**Exercise brief:** In this exercise, the entries below include pictures. Repeat exactly the lines from the line with "This paper proposes" to the line with "The new generation", including both, but without the pictures.

**Given records:**
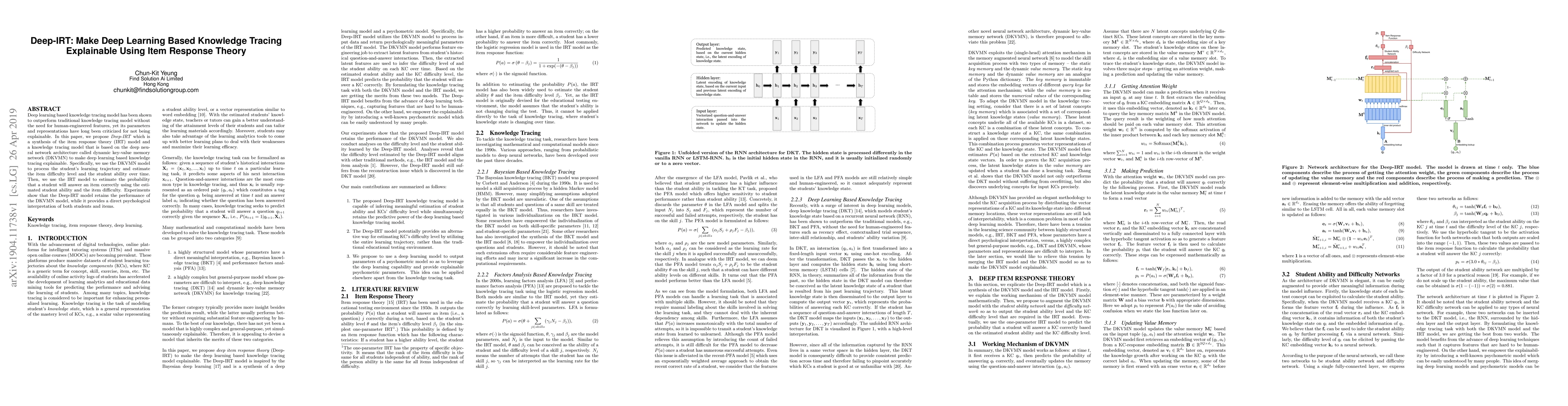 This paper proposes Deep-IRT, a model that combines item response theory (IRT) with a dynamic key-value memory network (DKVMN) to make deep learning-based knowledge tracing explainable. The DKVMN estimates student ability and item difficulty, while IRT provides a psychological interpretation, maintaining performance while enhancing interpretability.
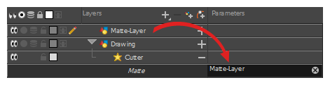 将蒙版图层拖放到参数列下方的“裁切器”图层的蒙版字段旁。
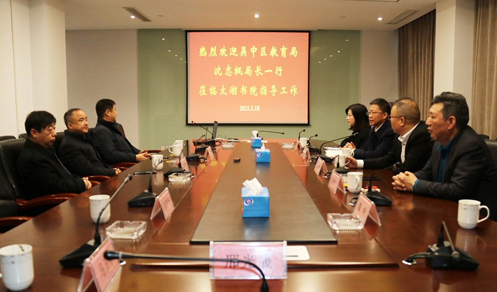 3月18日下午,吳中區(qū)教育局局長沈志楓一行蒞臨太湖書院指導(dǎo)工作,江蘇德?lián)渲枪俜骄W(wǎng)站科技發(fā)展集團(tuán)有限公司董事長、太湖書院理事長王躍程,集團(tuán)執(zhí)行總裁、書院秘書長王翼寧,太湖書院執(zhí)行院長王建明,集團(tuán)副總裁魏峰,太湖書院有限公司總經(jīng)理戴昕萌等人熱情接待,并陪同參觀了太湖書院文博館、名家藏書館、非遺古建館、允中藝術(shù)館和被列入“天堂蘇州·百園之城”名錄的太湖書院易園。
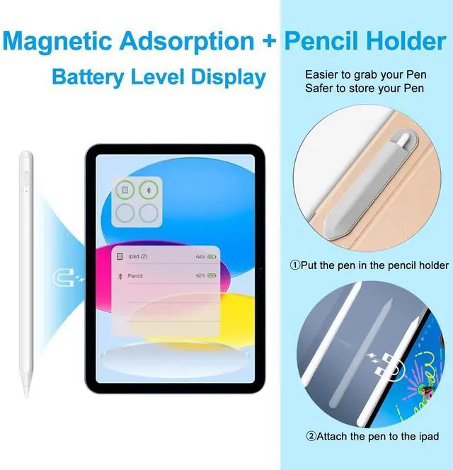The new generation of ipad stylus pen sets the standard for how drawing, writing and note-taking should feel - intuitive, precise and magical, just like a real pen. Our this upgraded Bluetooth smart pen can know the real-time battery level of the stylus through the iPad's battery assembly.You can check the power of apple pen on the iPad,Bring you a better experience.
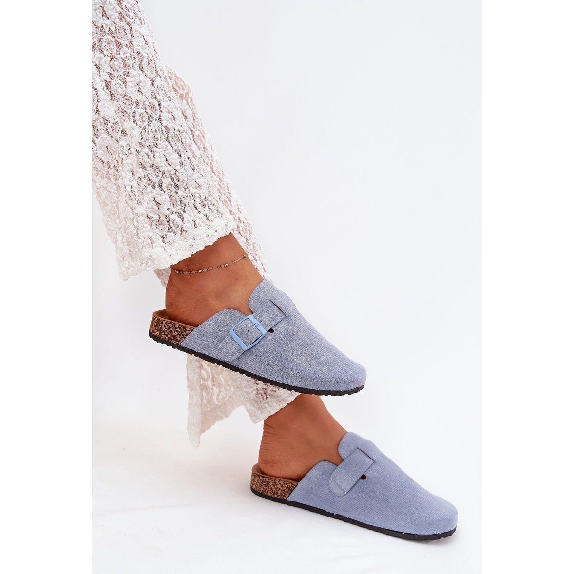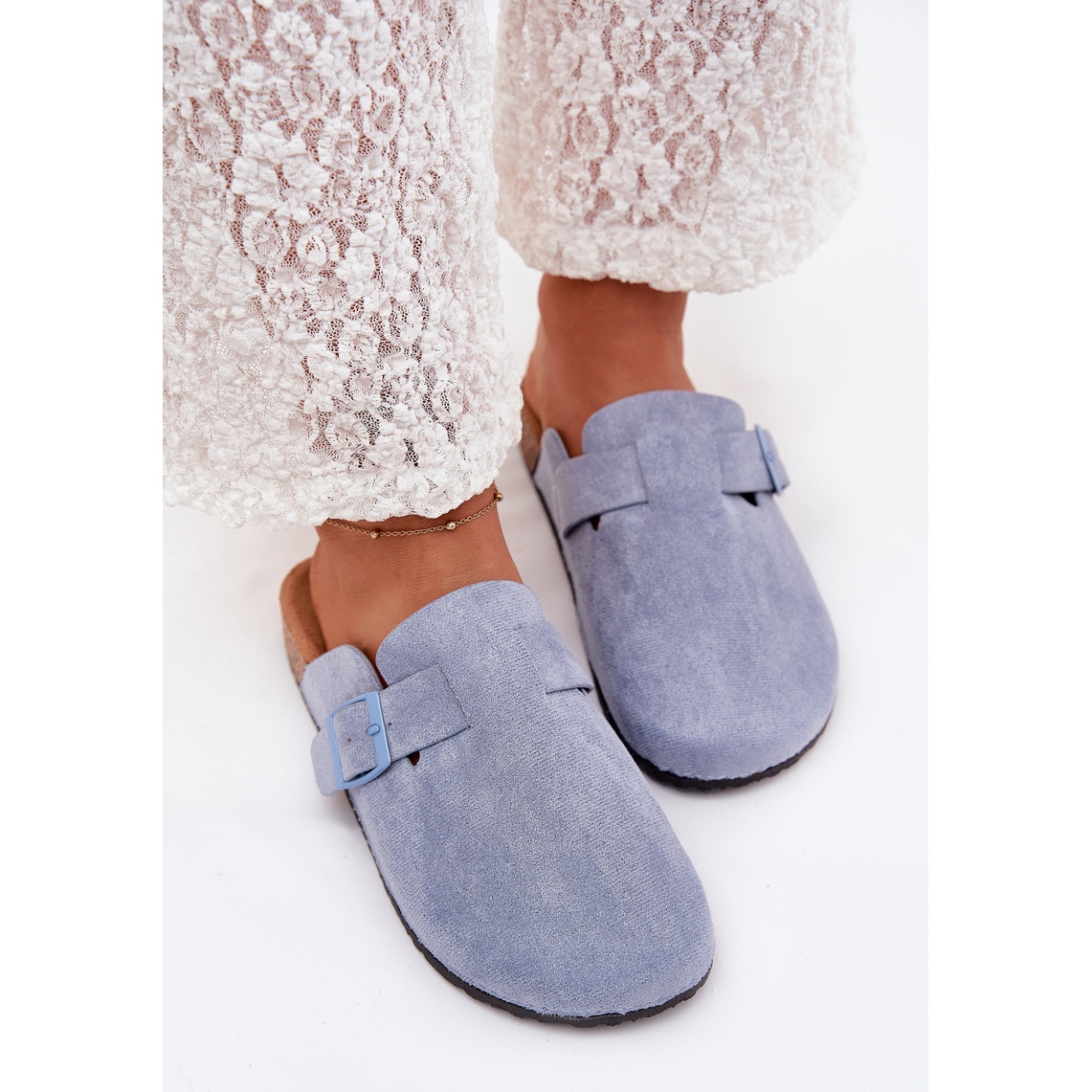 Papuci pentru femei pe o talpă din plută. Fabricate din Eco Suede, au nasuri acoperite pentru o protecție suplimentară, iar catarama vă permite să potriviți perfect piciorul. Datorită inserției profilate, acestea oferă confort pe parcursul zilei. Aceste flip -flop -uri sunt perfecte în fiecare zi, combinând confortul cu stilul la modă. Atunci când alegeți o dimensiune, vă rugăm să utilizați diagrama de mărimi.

==

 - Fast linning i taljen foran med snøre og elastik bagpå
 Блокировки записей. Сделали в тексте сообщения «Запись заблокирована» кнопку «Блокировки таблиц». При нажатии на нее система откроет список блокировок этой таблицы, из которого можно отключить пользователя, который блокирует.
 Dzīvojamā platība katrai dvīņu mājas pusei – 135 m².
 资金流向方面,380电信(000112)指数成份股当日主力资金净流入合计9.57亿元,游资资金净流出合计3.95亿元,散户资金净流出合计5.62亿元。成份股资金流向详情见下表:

**Result below:**
 This paper proposes Deep-IRT, a model that combines item response theory (IRT) with a dynamic key-value memory network (DKVMN) to make deep learning-based knowledge tracing explainable. The DKVMN estimates student ability and item difficulty, while IRT provides a psychological interpretation, maintaining performance while enhancing interpretability.
 将蒙版图层拖放到参数列下方的“裁切器”图层的蒙版字段旁。
 3月18日下午,吳中區(qū)教育局局長沈志楓一行蒞臨太湖書院指導(dǎo)工作,江蘇德?lián)渲枪俜骄W(wǎng)站科技發(fā)展集團(tuán)有限公司董事長、太湖書院理事長王躍程,集團(tuán)執(zhí)行總裁、書院秘書長王翼寧,太湖書院執(zhí)行院長王建明,集團(tuán)副總裁魏峰,太湖書院有限公司總經(jīng)理戴昕萌等人熱情接待,并陪同參觀了太湖書院文博館、名家藏書館、非遺古建館、允中藝術(shù)館和被列入“天堂蘇州·百園之城”名錄的太湖書院易園。
The new generation of ipad stylus pen sets the standard for how drawing, writing and note-taking should feel - intuitive, precise and magical, just like a real pen. Our this upgraded Bluetooth smart pen can know the real-time battery level of the stylus through the iPad's battery assembly.You can check the power of apple pen on the iPad,Bring you a better experience.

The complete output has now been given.